Ein Beispiel für jene Frauen, die um 1900 ihre künstlerische Karriere brillant begannen, aber im Laufe der Jahre zu Unrecht kaum mehr wahrgenommen wurden, ist Johanna Maria Hollmann. Sie wurde am 15. Mai 1883 in Wien geboren und auf die Namen Johanna Maria katholisch getauft.[2] Ihre Mutter hieß – was damals häufig war – ebenfalls Johanna Maria mit Vornamen und mit Geburtsnamen Budina. Ihr Vater war der renommierte Kunsttischler Wenzel Hollmann, der für Otto Wagner, Joseph Urban oder Josef Hoffmann arbeitete, aber auch für junge Designer, wie etwa Max Benirschke oder Johann Scharfen, tätig war.
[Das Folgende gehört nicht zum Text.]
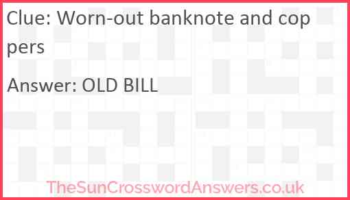 Worn-out banknote and coppers is a crossword clue for which we have 2 possible answer and we have spotted 2 times in our database. This crossword clue was last seen on 20 November 2023 in The Sun Cryptic Crossword puzzle!

Nach Pflichtschule und „genossenschaftlicher Fortbildungsschule“ besuchte Johanna Hollmann – vom kreativen Umfeld ihrer Familie geprägt – von 1901 bis 1906 die Wiener Kunstgewerbeschule. Sie studierte bei Koloman Moser in der „Fachschule Malerei“, absolvierte bei Rudolf von Larisch den Kurs „Schrift und Heraldik“ und lernte bei Adele von Stark die Technik des Emaillierens. Gleichzeitig mit ihr besuchte auch ihr drei Jahre jüngerer Bruder Alois die Kunstgewerbeschule, wo er bei Josef Hoffmann Architektur studierte, und ein angesehener Möbelentwerfer und Inneneinrichter wurde. In der Folge übernahm er auch den Tischlereibetrieb seines Vaters.[3]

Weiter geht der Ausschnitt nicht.